Will I Qualify for a Mortgage? Key Factors You Need to Know

2024-03-14

You and your partner are looking to buy your first home. You've done some research and you've found your dream home. The purchase price for the home is €400,000 and you're unsure if you will qualify for a mortgage to buy the home.

Here are the key factors you need to know:

  • Deposit and Income Requirements

First time buyers are subject to loan-to-value (LTV) and loan-to-income (LTI) limits. LTV limits require you to have a minimum deposit of 10% of the purchase price of the home, while LTI limits allow you to borrow up to 4 times your joint annual incomes. To afford a home of €400,000, you need a €40,000 deposit and a mortgage of €360,000, meaning your joint annual income must be a minimum of €90,000.

 

  • Government Support Schemes

If you are unable to meet deposit and income requirements, government supports like the Help to Buy (HTB) Scheme and First Home Scheme (FHS) can provide valuable assistance. The HTB helps you accumulate a deposit and the FHS assists those on modest incomes overcome funding gaps between their deposit, mortgage, and property purchase price. Depending on the level of assistance you need, you can use both schemes to fund your home purchase.

 

  • Financial Habits and Affordability

When assessing if you qualify for a mortgage, a lender's main concern is your ability to afford mortgage repayments. They will assess this based on the following factors:

    • Income: a lender will view you as a good candidate when you demonstrate that you have a steady income and that you are in full-time employment or self-employed.
    • Expenses: in assessing your ability to afford mortgage repayments, a lender will look at your monthly living expenses because you will continue to pay these expenses alongside your mortgage repayments.
    • Savings: regular savings shows a lender that you are responsible with your finances and this could make the lender view you as a favourable candidate for a mortgage.
    • Existing loans: excessive debt may impact your borrowing capacity as a lender may perceive you as higher risk. You are not required to be debt free when applying for a mortgage, but it may work in your favour to reduce your debt as much as possible before submitting your mortgage application.
    • Credit history: a good credit history will strengthen your application. However, if you have concerns about your credit history, discuss this with your mortgage broker so that we can advise you on how to get your credit history back on track - which typically takes up to 6 months.

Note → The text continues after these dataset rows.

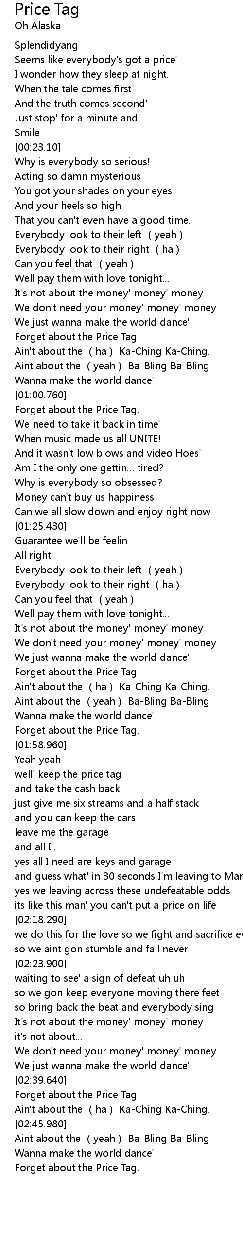 | [00:53.830] | Ain't about the (ha) Ka-Ching Ka-Ching. |
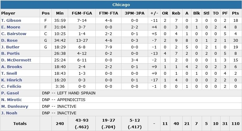 Emmanuel Mudiay ajoute 22 points et Will Barton 18 alors qu’en face, Derrick Rose était partout : 30 points à 13/27, 9 rebonds et 8 passes. Butler marque 19 points avant de sortir et Taj Gibson complète avec 18 unités en l’absence de Pau Gasol (entorse main gauche). Chicago est devant de 2 points à la mi-temps puis passe un 32-18 aux locaux dans le 3e quart-temps.
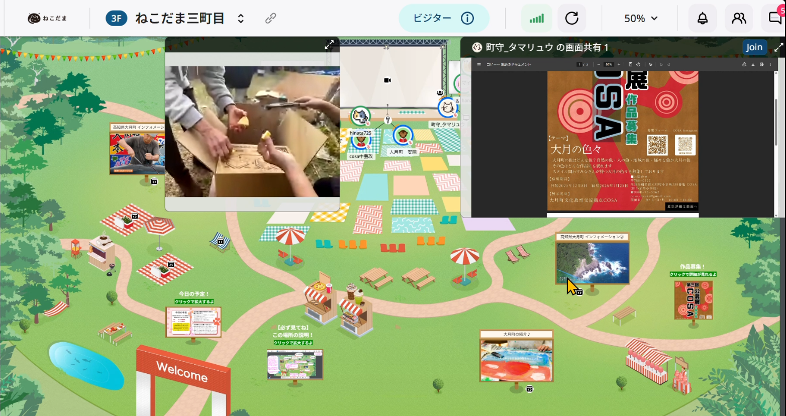 オンライン会場内には、ほかにも大月町の紹介映像やクイズなどのコンテンツも置いていたため、3時間の長丁場でありながら、まちイベント空間を回遊して過ごし、大月町の魅力を多面的に感じていただくことができました。
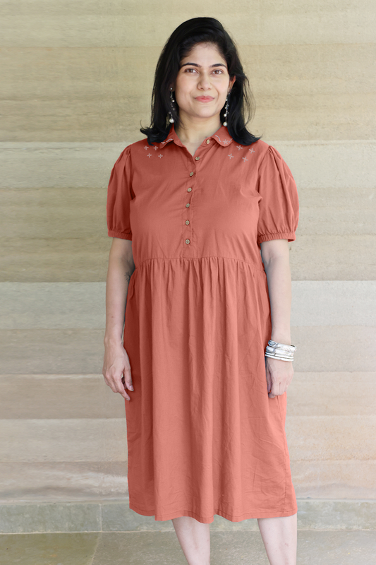 Collared Fine Cotton Navy Blue Dress with Embroidery
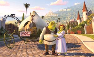 中新網(wǎng)8月11日電 據(jù)京華時(shí)報(bào)報(bào)道,集各種幽默元素于一體的“全球最賣座的3D動(dòng)畫片”《怪物史瑞克2》,昨天起在全國(guó)上映!皹O盡嘲諷調(diào)侃之能事”是影評(píng)人給予這部動(dòng)畫片的普遍評(píng)價(jià)。那么究竟有多少經(jīng)典影片片段被該片移花接木、有多少經(jīng)典形象被該片無(wú)情戲弄?敬請(qǐng)看《史瑞克2》爆笑解讀。
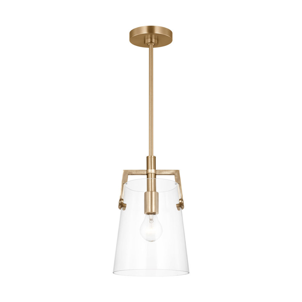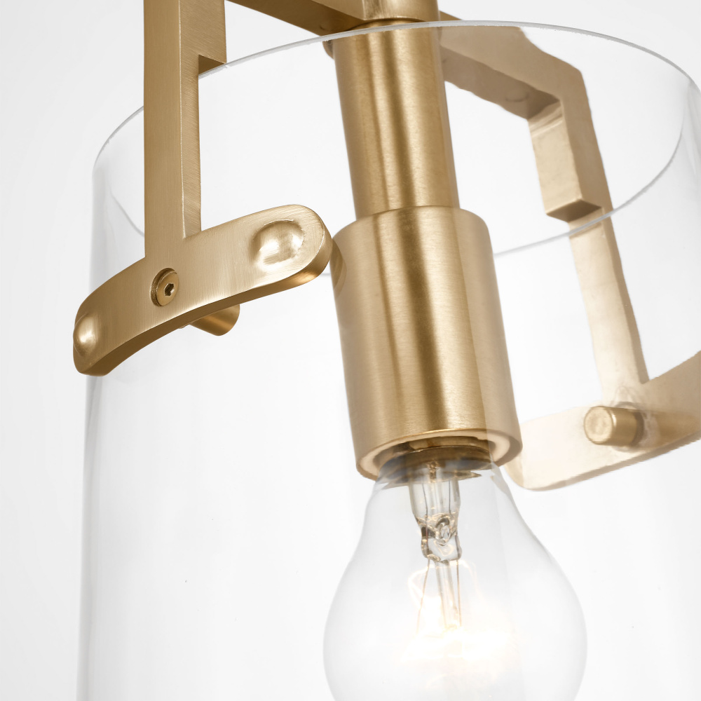 Crafted with Steel in a Satin Brass finish with clear glass shade

Qualifying for a mortgage essentially depends on financial readiness and demonstrating responsible financial habits. By understanding deposit requirements, income considerations, and maintaining good financial habits, you can enhance your eligibility for a mortgage.

Start your preparation early, gather necessary documents, and explore government support schemes to better your chances of securing a mortgage to buy your dream home.